**Assignment**
Leave out the pictures and print the records below exactly.

**Records supplied**
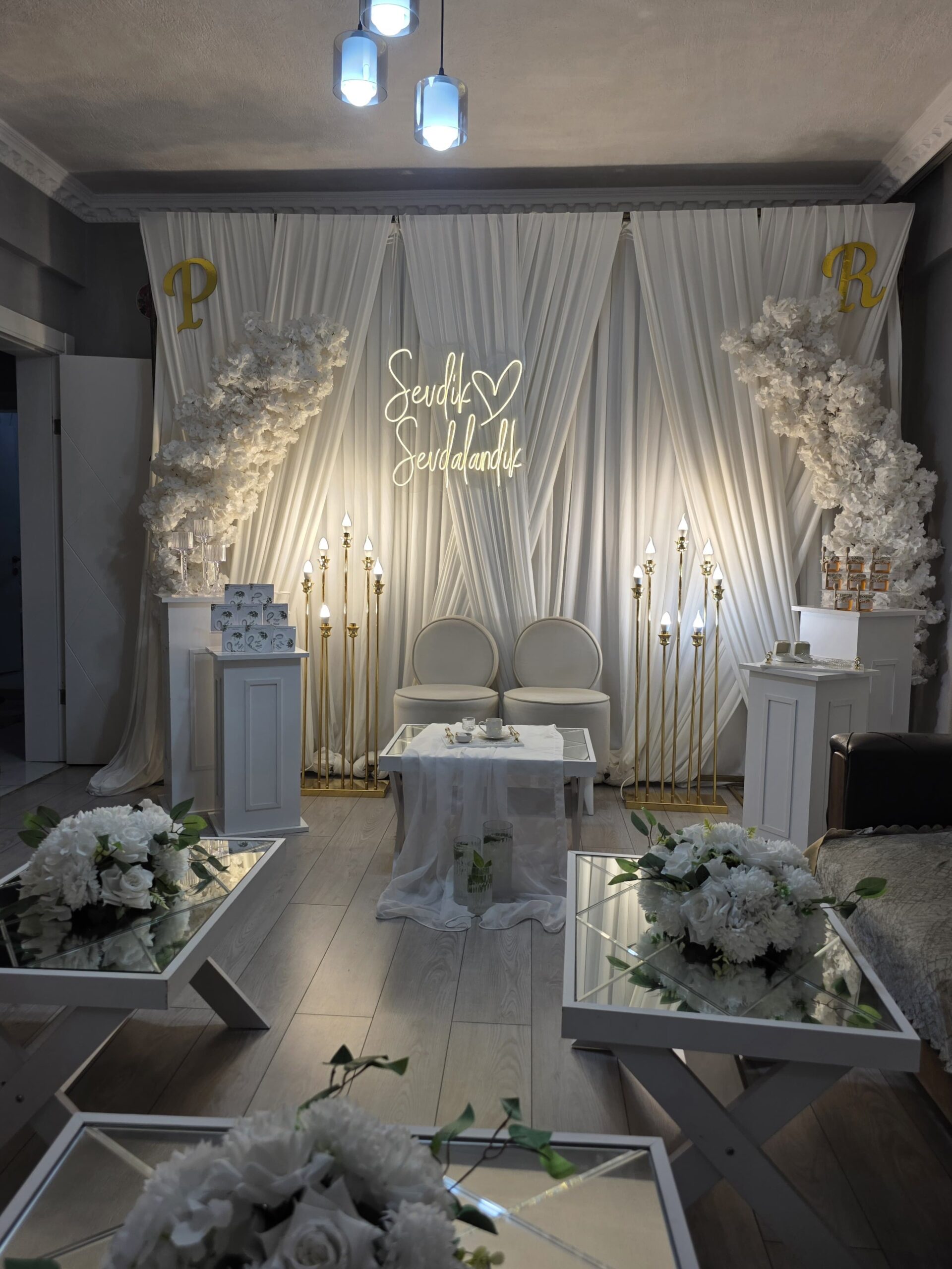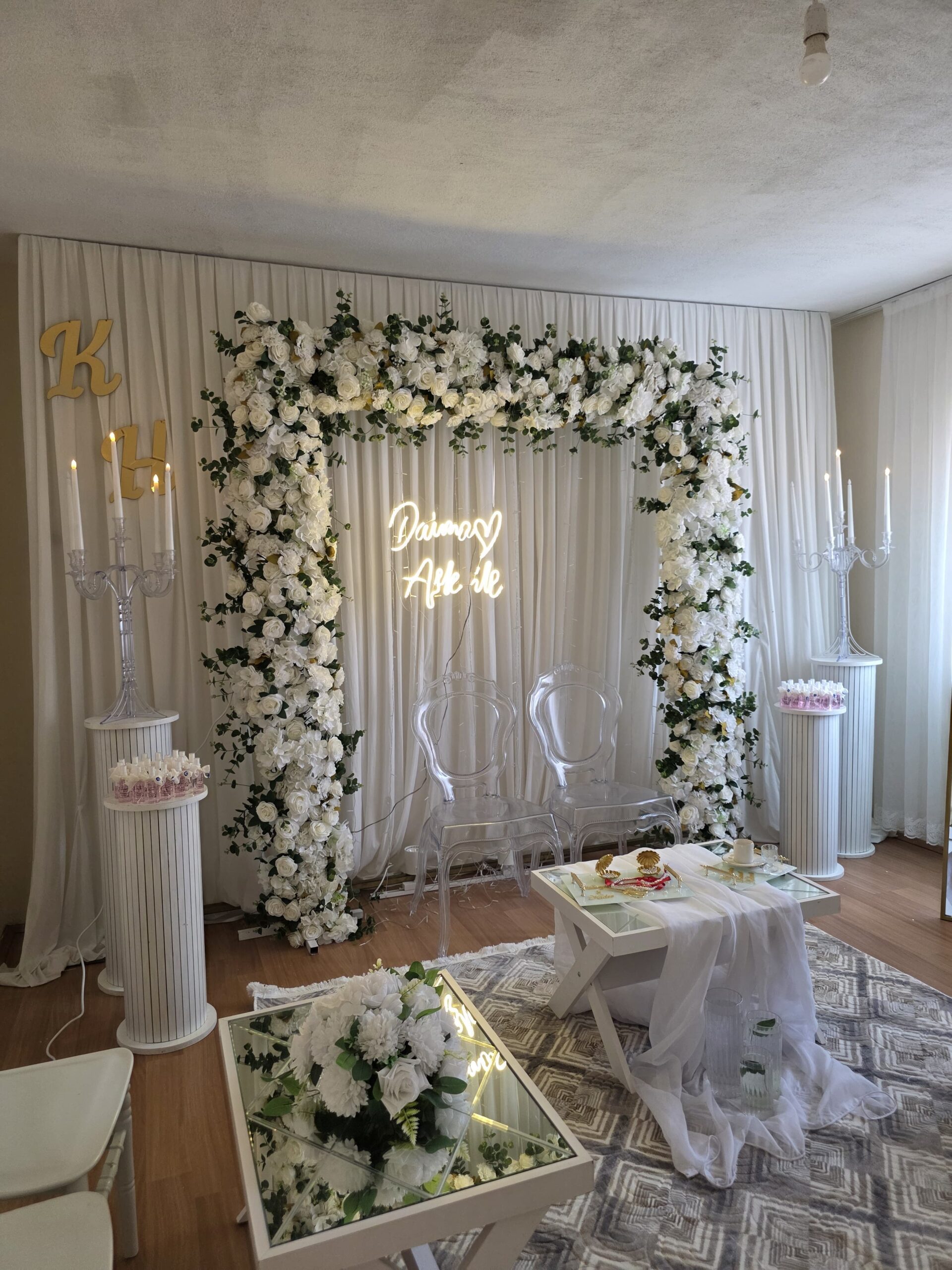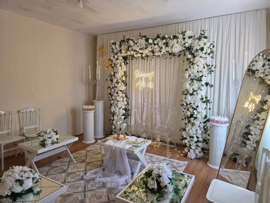 Konsept tasarımıyla birlikte mekan süsleme, masa-sandalye düzeni, sahne kurulumu ve fotoğraf alanı gibi tüm detayları profesyonel ekibimizle hazırlıyoruz. İsterseniz söz ve nişan için özel fotoğraf-video çekimi ve misafir karşılama alanı düzeni de dahil edilir.
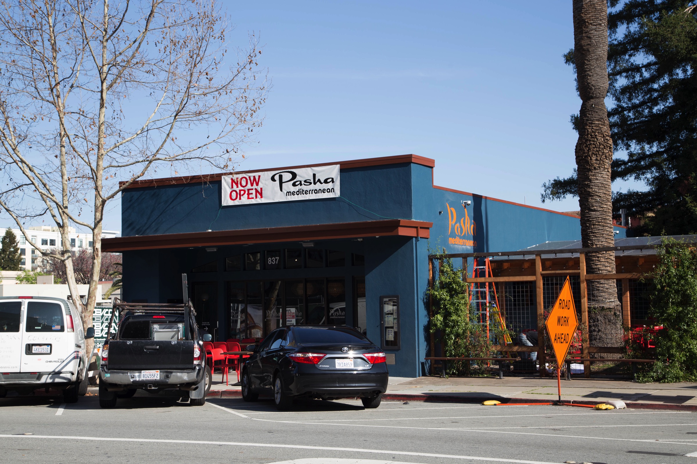 The sign above the doors says it all: Pasha Mediterranean opened for business this week. Workers were still doing a bit of touch-up when I went by—the ladder you can see in their outside seating area was being used by a sign painter who was working on the orange lettering you see on the building’s side—but I noted a few customers sitting both inside and in the patio area.
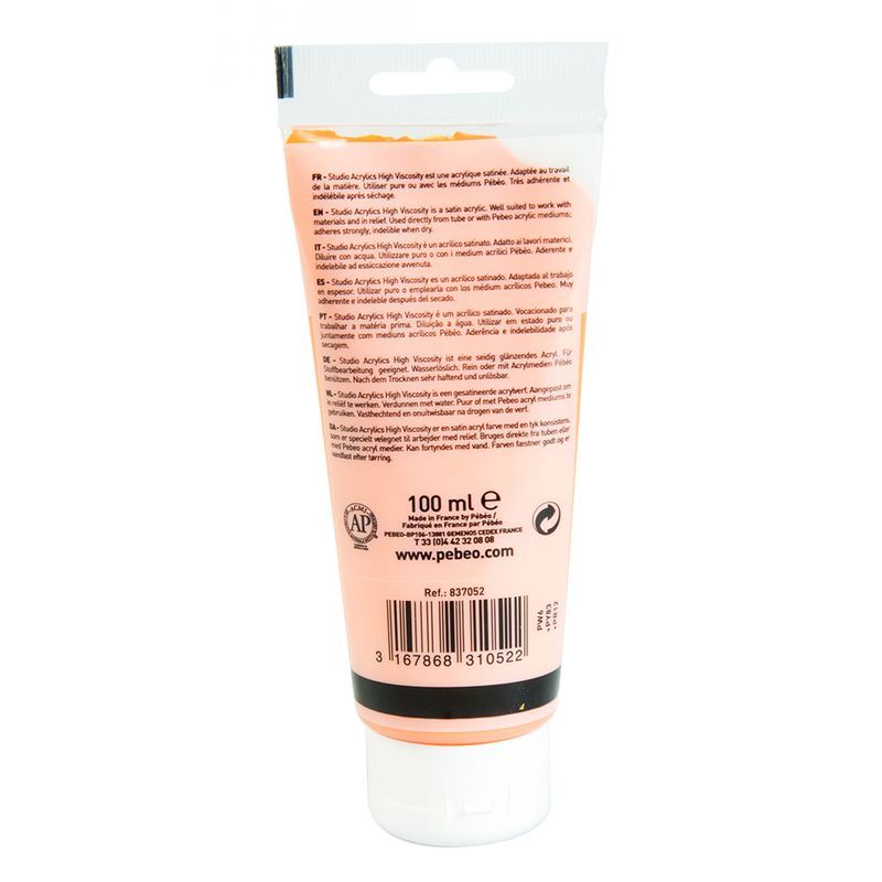 Acrylique satinée fabriquée avec la même rigueur que les acryliques extra fines. Elle s'utilise pure ou avec les mediums acryliques studio Pébéo selon les effets recherchés. Consistance épaisse adaptée au travail de la matière et utilisation au pinceau. Garde l'empreinte de l'outil. Laisser sécher loin de la poussière entre 30 minutes à 1 heure. La peinture est complètement sèche entre 1 et 4 jours selon l'épaisseur. Très adhérente, indélébile une fois sèche. Peut être appliqué sur toile, le carton et le bois (et la plupart des surfaces). Nettoyer les outils à l'eau savonneuse.
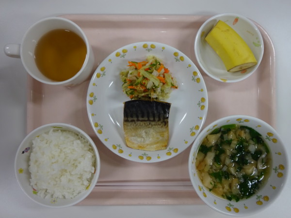 ごはん、お吸い物、鯖の塩焼き、キャベツの甘酢漬、バナナ・・・432kcal
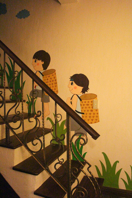 晚上時,記得點亮通往二樓小孩房階梯上的小夜燈,階梯旁的壁畫在夜燈照亮下,會產生一種很安詳的氣氛,讓人忘了一天玩下來的疲憊,快樂的進入夢鄉。 | |
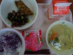 ↓今日の給食は、ゆかりごはん、アジの香味揚げ、ひじきの炒め煮、じゃがいもとわかめの味噌汁、そして、デザートには、いちごアイスがつきました。

**Task response**
 Konsept tasarımıyla birlikte mekan süsleme, masa-sandalye düzeni, sahne kurulumu ve fotoğraf alanı gibi tüm detayları profesyonel ekibimizle hazırlıyoruz. İsterseniz söz ve nişan için özel fotoğraf-video çekimi ve misafir karşılama alanı düzeni de dahil edilir.
 The sign above the doors says it all: Pasha Mediterranean opened for business this week. Workers were still doing a bit of touch-up when I went by—the ladder you can see in their outside seating area was being used by a sign painter who was working on the orange lettering you see on the building’s side—but I noted a few customers sitting both inside and in the patio area.
 Acrylique satinée fabriquée avec la même rigueur que les acryliques extra fines. Elle s'utilise pure ou avec les mediums acryliques studio Pébéo selon les effets recherchés. Consistance épaisse adaptée au travail de la matière et utilisation au pinceau. Garde l'empreinte de l'outil. Laisser sécher loin de la poussière entre 30 minutes à 1 heure. La peinture est complètement sèche entre 1 et 4 jours selon l'épaisseur. Très adhérente, indélébile une fois sèche. Peut être appliqué sur toile, le carton et le bois (et la plupart des surfaces). Nettoyer les outils à l'eau savonneuse.
 ごはん、お吸い物、鯖の塩焼き、キャベツの甘酢漬、バナナ・・・432kcal
 晚上時,記得點亮通往二樓小孩房階梯上的小夜燈,階梯旁的壁畫在夜燈照亮下,會產生一種很安詳的氣氛,讓人忘了一天玩下來的疲憊,快樂的進入夢鄉。 | |
 ↓今日の給食は、ゆかりごはん、アジの香味揚げ、ひじきの炒め煮、じゃがいもとわかめの味噌汁、そして、デザートには、いちごアイスがつきました。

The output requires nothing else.